Неожиданно город Тольятти проявился как гений места – 10 имен современной драматургии оттуда, из этого города. Вот, как время 90-х вспоминает тольяттинский драматург Юрий Клавдиев: «Пост-совок юного тольяттинца был наполнен такими прелестями, как выставки пивных банок и сигаретных пачек (только импортных, никакого патриотизма!) во всех без исключения домах, где к подобному мусору имелся доступ. В 90-е это стало массовым. В каждом доме вместо икон (сейчас обязательно есть иконы, хотя в Тольятти в Бога никогда никто не верил ни тогда, ни сейчас) стояли вот эти ряды пачек на банках. И было красиво. Стильно. Престижно. Это был статус, это гостям показывали. Люди все на свете победившей страны показывали гостям скуренные пачки проклятых идеологических противников, и это было нормально». Те, для кого это не было нормально, начали рефлексировать, выплескивать боль из сердца.

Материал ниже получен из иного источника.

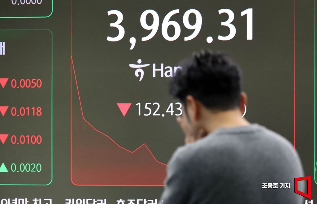 코스피가 미국 기술주 급락에 덩달아 휘청이며 장중 4% 이상 급락한 5일 서울 중구 하나은행 딜링룸 현황판에 코스피, 코스닥 등이 표시돼 있다. 이날 9시 9분 기준 코스피는 전장보다 123.87포인트(3.01%) 하락한 3,997.87시작하며 4,000선을 돌파한지 7거래일 만에 3,900선도 내줬다.

Самовосстановление системы вполне естественная вещь для русской культуры. Драматурги стали действовать, возникло новодрамовское движение, фестиваль «Любимовка». Изменения в российском театре всегда начиналось с явления драматурга. Гоголь написал пьесу «Ревизор», обретшую идеальное воплощение через 90 лет у Мейерхольда. А.Н. Островский воспринимается как первый режиссер: настолько подробные письма он писал актерам.

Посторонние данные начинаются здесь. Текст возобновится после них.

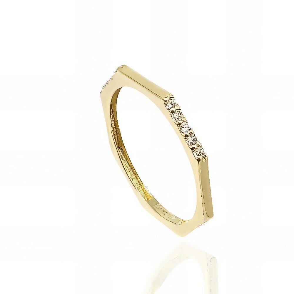 Sortija Oro Amarillo de 18 quilates con ciconitas, forma octogonal, de 1.5mm de grosor.

Россия литературоцентрична, в отличие от пластикоцентричной Европы, где католицизм выразил себя в скульптуре. Логос – слово и мысль, а не форма, властитель пространства русской культуры, пока еще сохраняющей все признаки самостоятельной культуры – способность к созданию оригинальных произведений во всех видах и жанрах искусства. Русский театр меняется через слово. В конце XX века театр во всем мире пытается оторваться от литературы. Знаменитый критик Антонен Арто пишет: «Театр должен перестать быть служанкой литературы». В 50-60-е годы в Европе абсурдисты убили веру в психологизм, веру в то, что слова что-то значат. Этот период деконструкции мирового театра в Советском Союзе был пропущен.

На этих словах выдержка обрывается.